Collected material:
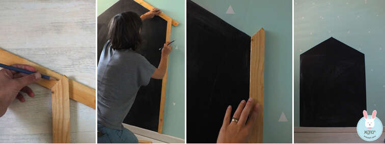 שלבים להכנת הבית ממדבקת לוח הגיר // צילום: שולמית הנדלמן
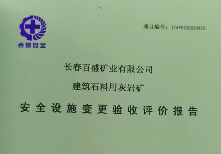 JTAP0120220372--長春百盛礦業有限公司建筑石料用灰巖礦變更設計安全...
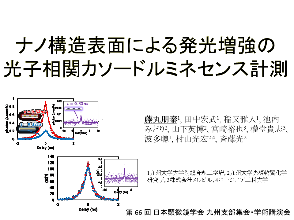 藤丸さん(M1)が第66回日本顕微鏡学会九州支部集会で口頭発表を行い、優秀発表賞を受賞しました 2024.12.14 お知らせ研究成果高速電子ナノ光 口頭発表 ナノ構造表面による発光増強の光子相関カソードルミネセンス計測 藤丸朋泰, 田中宏武, 稲又雅人, 池内みどり, 山下英博, 宮崎裕也, 權堂貴志, 波多聰, 村山光宏, 斉藤光

Work request: Leave out the pictures, and write out all the remaining data above exactly.

Result of this task:
 שלבים להכנת הבית ממדבקת לוח הגיר // צילום: שולמית הנדלמן
 JTAP0120220372--長春百盛礦業有限公司建筑石料用灰巖礦變更設計安全...
 藤丸さん(M1)が第66回日本顕微鏡学会九州支部集会で口頭発表を行い、優秀発表賞を受賞しました 2024.12.14 お知らせ研究成果高速電子ナノ光 口頭発表 ナノ構造表面による発光増強の光子相関カソードルミネセンス計測 藤丸朋泰, 田中宏武, 稲又雅人, 池内みどり, 山下英博, 宮崎裕也, 權堂貴志, 波多聰, 村山光宏, 斉藤光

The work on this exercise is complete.